Получение информации о соединениях между абонентами и (или) абонентскими устройствами может производиться по делам о любых преступлениях, независимо от степени их тяжести, как в перспективном, так и в ретроспективном порядке. В ч. 4 ст. 1861 УПК РФ указано, что получение следователем названной информации может быть установлено на срок до 6 месяцев, однако представляется очевидным, что это временное ограничение относится только к перспективному порядку, в то время как получение сведений за прошлый период подобным лимитированием сопровождаться не должно. Следует учитывать, что проникновение в тайну переговоров «на будущее» носит длящийся характер, в силу чего для него должна быть изначально установлена временная граница, обеспечивающая охрану конституционных прав граждан от чрезмерно длительного и бесконтрольного ограничения. В то же время получение сведений за прошлый период, хотя и представляет вторжение в тайну переговоров, имеет разовую природу, и получение судебного решения само по себе гарантирует разумность ограничения соответствующего права.
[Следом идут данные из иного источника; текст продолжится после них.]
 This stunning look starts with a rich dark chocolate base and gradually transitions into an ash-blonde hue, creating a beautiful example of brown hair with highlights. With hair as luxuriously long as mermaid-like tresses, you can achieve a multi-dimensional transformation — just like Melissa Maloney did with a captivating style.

Такой подход в целом поддерживается правоприменительной практикой. Так, из изученных автором 100 ходатайств следователей различных следственных органов Свердловской и Челябинской областей, во всех без исключения ставился вопрос о получении информации о соединениях между абонентами и (или) абонентскими устройствами именно за период, предшествующий сроку составления ходатайства. При этом в 37 случаях ходатайство заявлялось по поводу предоставлении информации за 6 месяцев от даты ходатайства.
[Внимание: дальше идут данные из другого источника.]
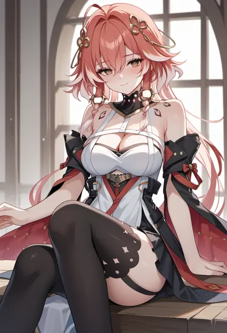 :changli (wuthering waves),长发,双色发,多色发,粉发,白发,黄眼

25 ходатайств были удовлетворены судьями, в двух случаях имел место отказ в удовлетворении по причинам, не связанным со сроками, и по десяти ходатайствам судом было отказано в удовлетворении, поскольку, по мнению судьи, получение указанной информации возможно только за время, не ранее чем за 6 месяцев до даты вынесения ходатайства. Такой разброс правоприменительных решений обусловлен отсутствием единообразия при толковании ст. 1861 УПК РФ. Наиболее целесообразным способом решения проблемы представляется издание по данному вопросу постановления Пленума Верховного Суда Российской Федерации.
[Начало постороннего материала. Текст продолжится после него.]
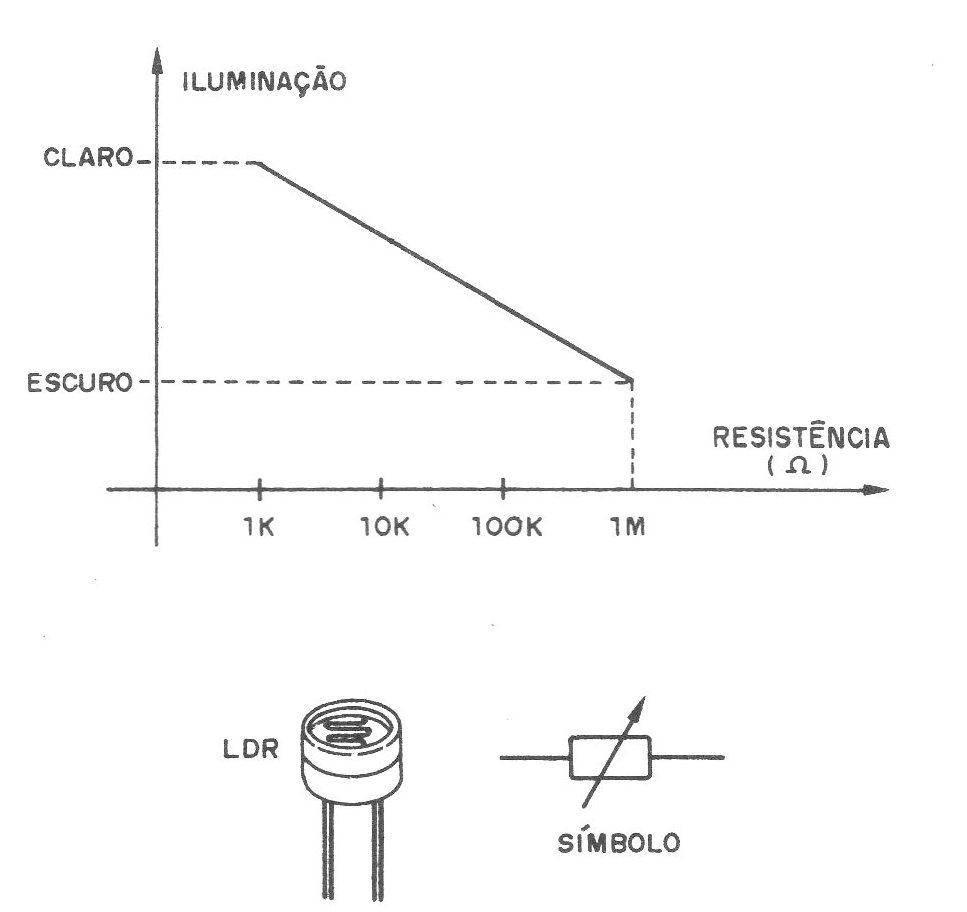 No escuro, a resistência do LDR é muito alta e no claro sua resistência muito baixa.

Получение информации о соединениях осуществляется исключительно по судебному решению, исполнение которого возлагается на оператора связи, обслуживающего соответствующее абонентское устройство. Вместе с тем детализация может быть получена за рамками следственного действия, регламентированного ст. 1861 УПК РФ: пользователь абонентского устройства вправе самостоятельно (по собственной инициативе или по просьбе следователя) затребовать у оператора распечатку сведений о параметрах соединений принадлежащего ему средства связи и представить её следователю. Такие действия основываются на праве абонента получать у оператора связи детализацию, и обязанности оператора связи представлять пользователю такую информацию (подп. «б» п. 27 Правил оказания услуг телефонной связи2).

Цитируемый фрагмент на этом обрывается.